For more product information, have a look at the product overview and design overview.

Visit your nearest Twisp store to give it a try or click here to grab yours.

Remember to subscribe to our forum to stay updated with our latest specials and product launches.

Reactions: Like 1 | Optimistic 3


----------



## BioHAZarD (22/1/18)

Pity the mod has overhang on anything larger than a 22mm
not sure why you guys brought out the cumulus knowing that is does not fit on the oktamod

Reactions: Agree 1


----------



## zadiac (22/1/18)

BioHAZarD said:


> Pity the mod has overhang on anything larger than a 22mm
> not sure why you guys brought out the cumulus knowing that is does not fit on the oktamod



I think it's because no one or very few people at twisp are vapers, so they don't know what vapers look for in a mod and atties. I've spoken with quite a few people working at twisp stands and very few of them actually knows the ins and outs of vaping almost none of them were vapers. Just worked there. That leads me to believe that the designers probably aren't vapers too. Just my opinion though. I might be wrong.

Reactions: Like 2 | Informative 1 | Disagree 2


----------



## Clouds4Days (22/1/18)

.

Reactions: Winner 1


----------



## Humbolt (22/1/18)

Clouds4Days said:


> .


Good point

Reactions: Agree 1 | Funny 1


----------



## Clouds4Days (22/1/18)

Humbolt said:


> Good point



Hahahaha i had posted a pic but dont wanna start a H&M debate here so i took it off.

Reactions: Funny 2


----------



## Humbolt (22/1/18)

Clouds4Days said:


> Hahahaha i had posted a pic but dont wanna start a H&M debate here so i took it off.


Lol fair enough. Its Monday perhaps its best to not start a debate

Reactions: Agree 1


----------



## BioHAZarD (22/1/18)

zadiac said:


> I think it's because no one or very few people at twisp are vapers, so they don't know what vapers look for in a mod and atties. I've spoken with quite a few people working at twisp stands and very few of them actually knows the ins and outs of vaping almost none of them were vapers. Just worked there. That leads me to believe that the designers probably aren't vapers too. Just my opinion though. I might be wrong.

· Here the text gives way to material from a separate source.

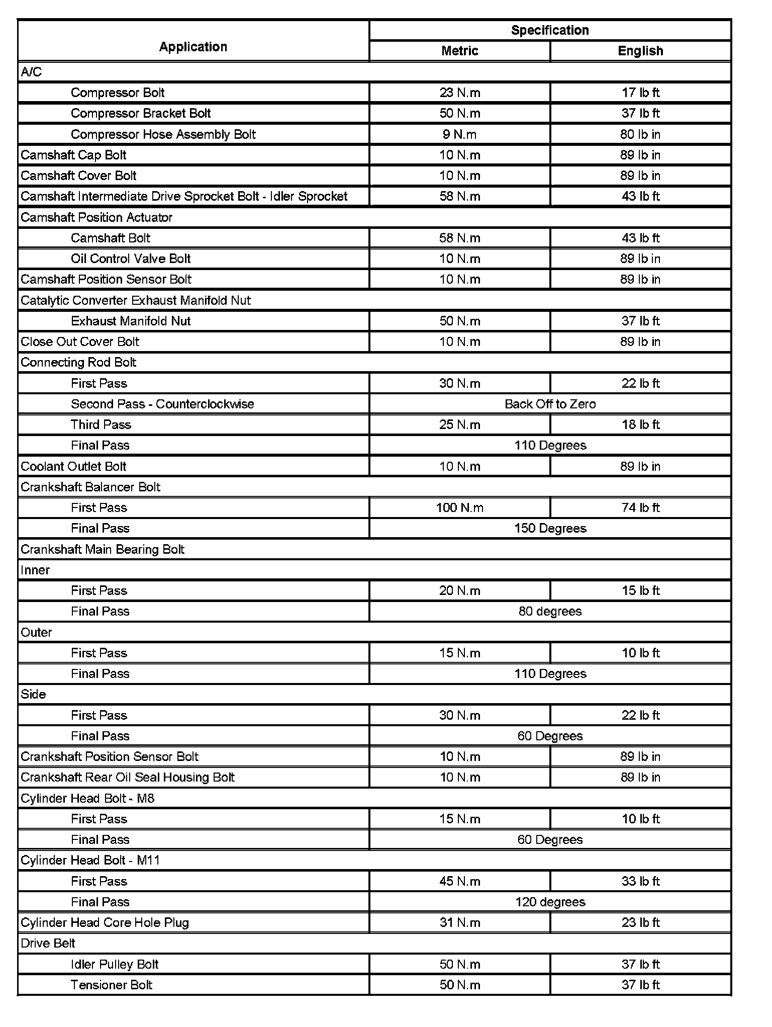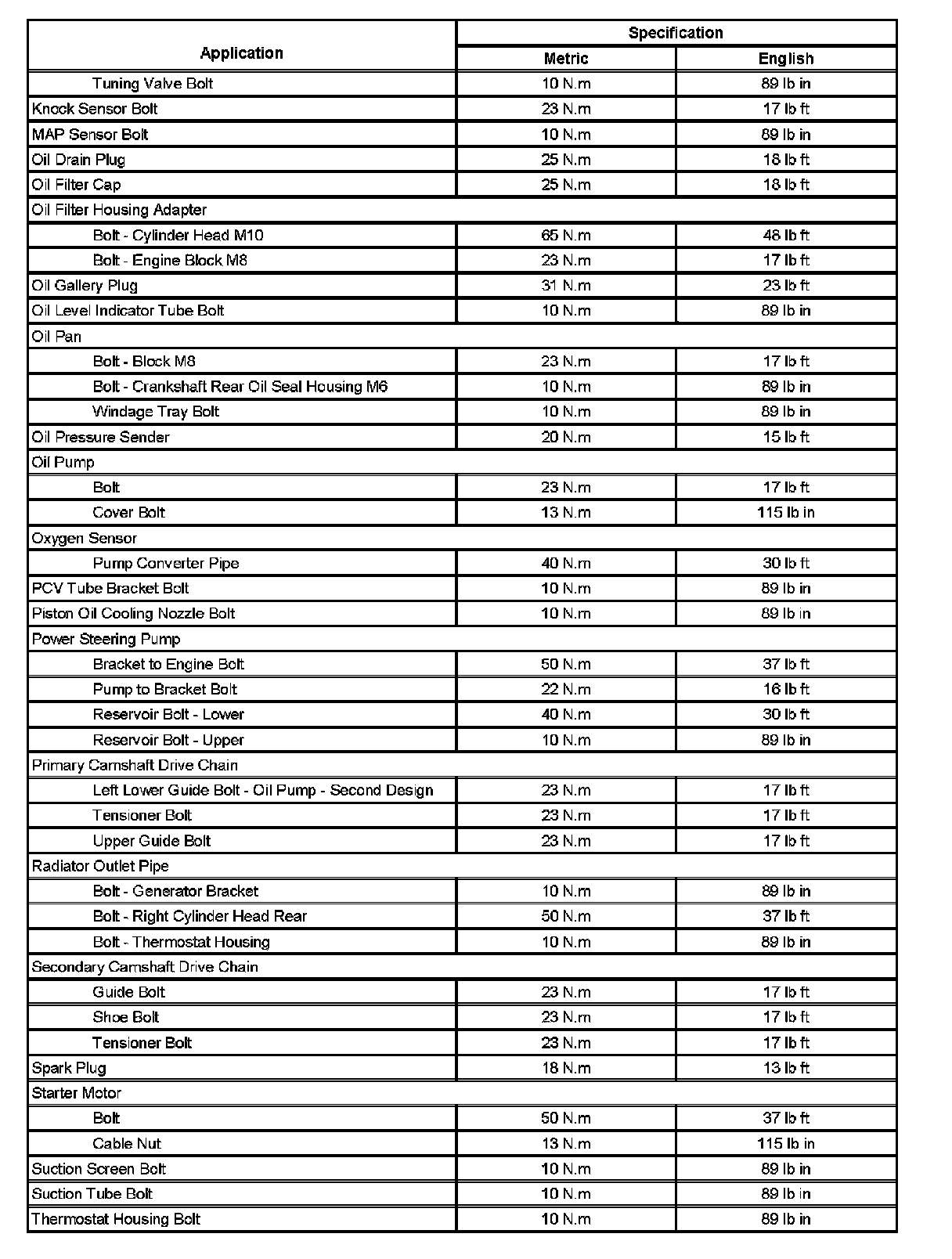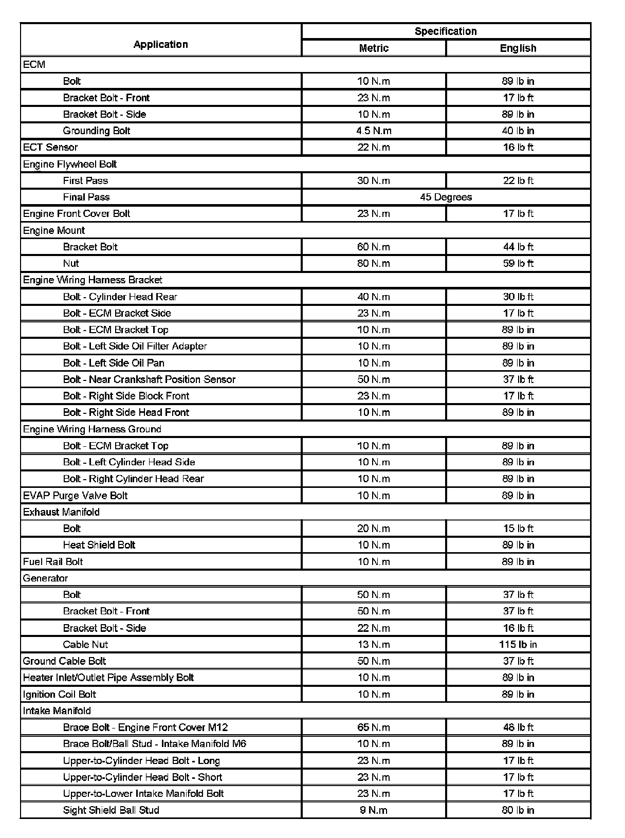 Fastener Tightening Specifications (Part 1):

you may be quite correct. its a pity given the exposure they get.


----------



## Resistance (22/1/18)

@zadiac designing is nowadays a trend and nothing is original


----------



## Resistance (22/1/18)

now with that being said I like this mod


----------



## Twisp (23/1/18)

Thanks for your feedback, we value all your input!

Our design team are knowledgeable and experienced vapers. However, we make every effort to get as many external opinions as possible during the design phase.

The slimline Okta Mod was envisaged to work with a range of tanks, of which only one within our current Orange by Twisp product range is greater than 22mm at this point. Our product development team are working on expanding our range even more this year and we look forward to presenting these innovations to you.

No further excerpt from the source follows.